Many more Air Malta workers are now expected to apply for the voluntary transfer scheme that will find alternative Government employment for those made redundant.
Minister Caruana was speaking at a press conference on Thursday morning in Marsaxlokk, where along with Prime Minister Robert Abela he announced further economic stimulus through a direct cash injection to around 380,000 people.
Responding to a question from a journalist, Minister Caruana, under whose responsibility the national airline falls, said that the General Workers Union, the Cabin Crew Union, and workers representatives (shop stewards) were happy with the final agreement.
He explained the unions are now convening their members to relay the negotations’ conclusion.

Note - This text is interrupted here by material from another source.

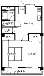2DK (和室:6畳) (洋室:6)、DK8.5
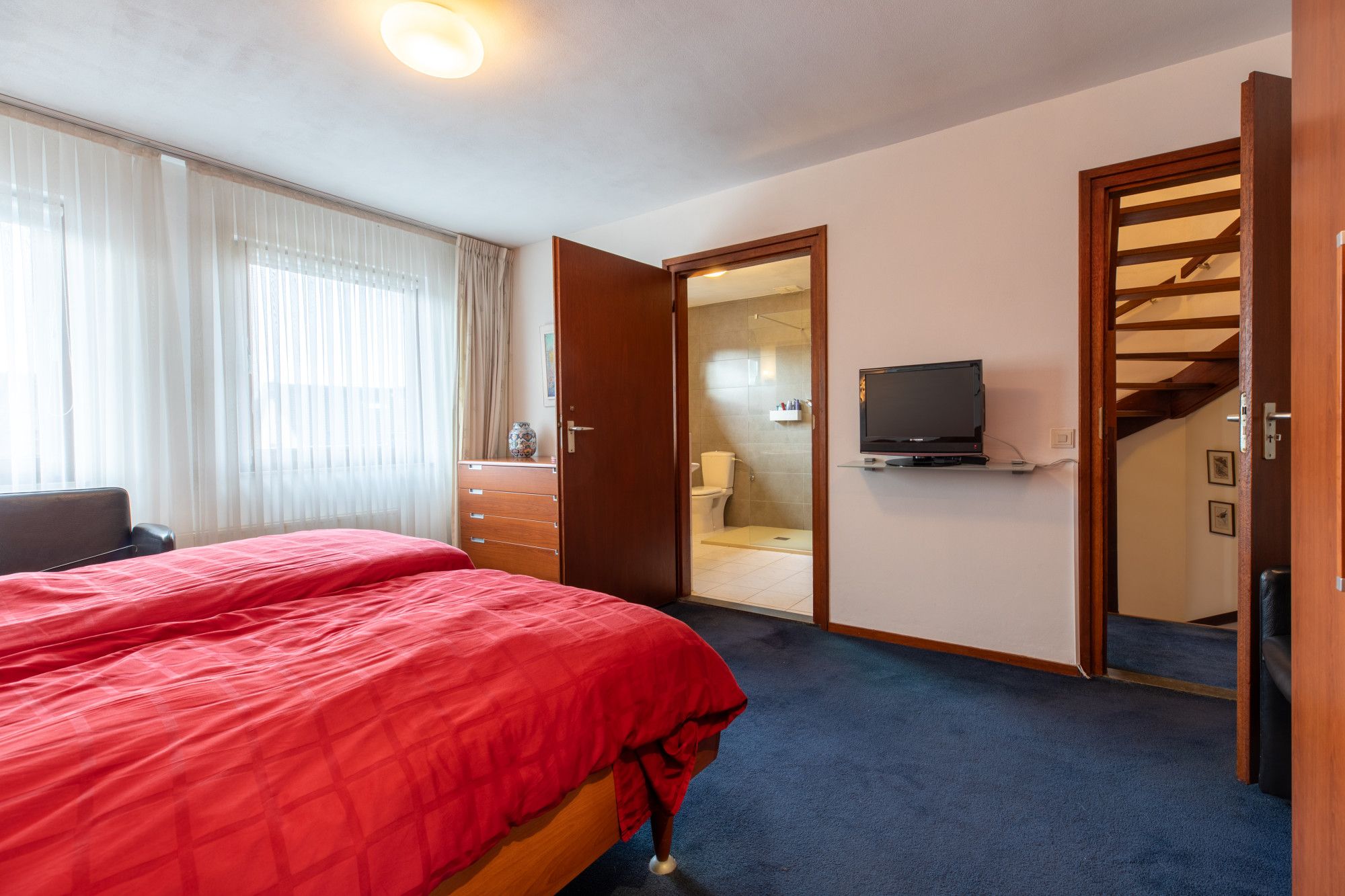 Middels hardhouten trap (Merbau) toegang tot de overloop.

The Government announced plans to reduce Air Malta’s total staff complement by around half last month, as the struggling airline continues to bleed cash.

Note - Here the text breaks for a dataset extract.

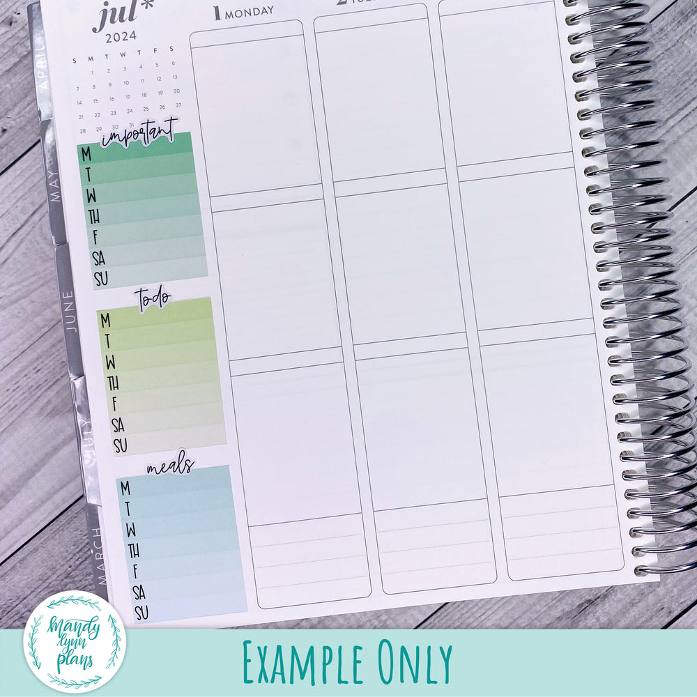 These weekly ombre boxes are designed for the sidebar in Standard Vertical planners, but can be used in any planner or bullet journal. They are 1.5 inches wide.

Of the current 900 members of staff, only around 420 will remain after the restructuring, with departing employees set to be offered alternative positions with the Government at a similar paygrade. This is expected to save the airline around €15 million per year.
Originally meant to close on 28th January, the voluntary transfer scheme was reportedly undersubscribed, with a new deadline set for 11th February.
Talks with the European Commission to allow a measure of state aid have yet to be finalised, with Minister Caruana describing their work as “meticulous”.
He said that he cannot confirm the amounts being discussed until these talks have concluded and an agreement reached.
However, the Minister insisted that the future of Air Malta does not depend on state aid, but rather on the “serious work” being done by all partners.
He also sought to allay concerns about the airline by saying: “The company and the workers who remain with it have a future.”